Aye aye aye.  That’s just…. I don’t know what it is can’t even think of a good word for it.


----------



## Aunt Angus (Apr 26, 2021)

KY Goat Girl said:


> Aye aye aye.  That’s just…. I don’t know what it is can’t even think of a good word for it.


Right?!?!?! I may end up volunteering to help him build the fence so that it will at least hold the goats at bay.

I hope my neighbor (the guy who lives below us) can talk some sense into the new guy today.


----------



## KY Goat Girl (12 mo ago)

I hope so too. He better strengthen that fence before he gets goats. Do you k ow when he planned to get goats?


----------



## Aunt Angus (Apr 26, 2021)

KY Goat Girl said:


> I hope so too. He better strengthen that fence before he gets goats. Do you k ow when he planned to get goats?


No idea. They aren't actually living there yet. That will give us some time to communicate with them. If they didn't know we have predators, they certainly don't know about the selenium deficiency or about the wildfire situation. 
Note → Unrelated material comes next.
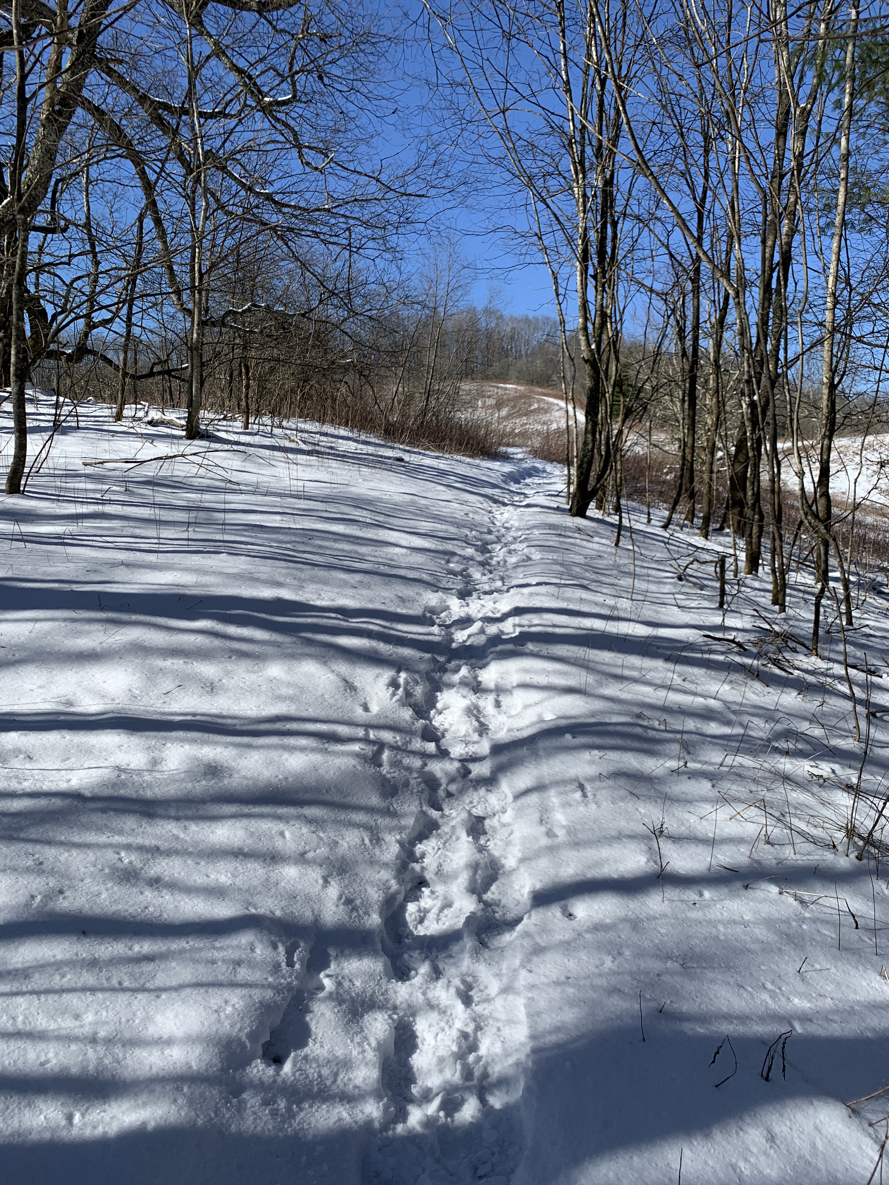 The trail kept going up most of the way. There were only a few footprints to follow but the trail was blazed really well. It was one of those trails that goes around rather than over. That means dark side-cold, light side warmer.

On the plus side, they're fixing up the house really nice!


----------



## KY Goat Girl (12 mo ago)

That is a plus. Lol


----------



## Lilgoatgal (Dec 17, 2021)

That's a lot to deal with all at once, oh boy! 
If it were me... I'd pick just the biggest problem to address and do it diplomatically as possible. You don't know them yet and neighborliness can go a long way toward getting all the problems resolved eventually if they don't feel overwhelmed from the get go. I'm sure they have big dreams for their property and would be hurt or feel defensive to have them quashed all at once. So, say the culvert is your big hitter, and it does affect you very directly, then a visit to introduce yourself and, "by the way, can we talk about the culvert" kind of situation. Offer your ideas and ask for theirs. See how that goes. Maybe leave it with, "oh, and hey, we've had goats out here for years. It can be really challenging with the mountain lions. Let us know if we can help or answer any questions" just to keep that door open.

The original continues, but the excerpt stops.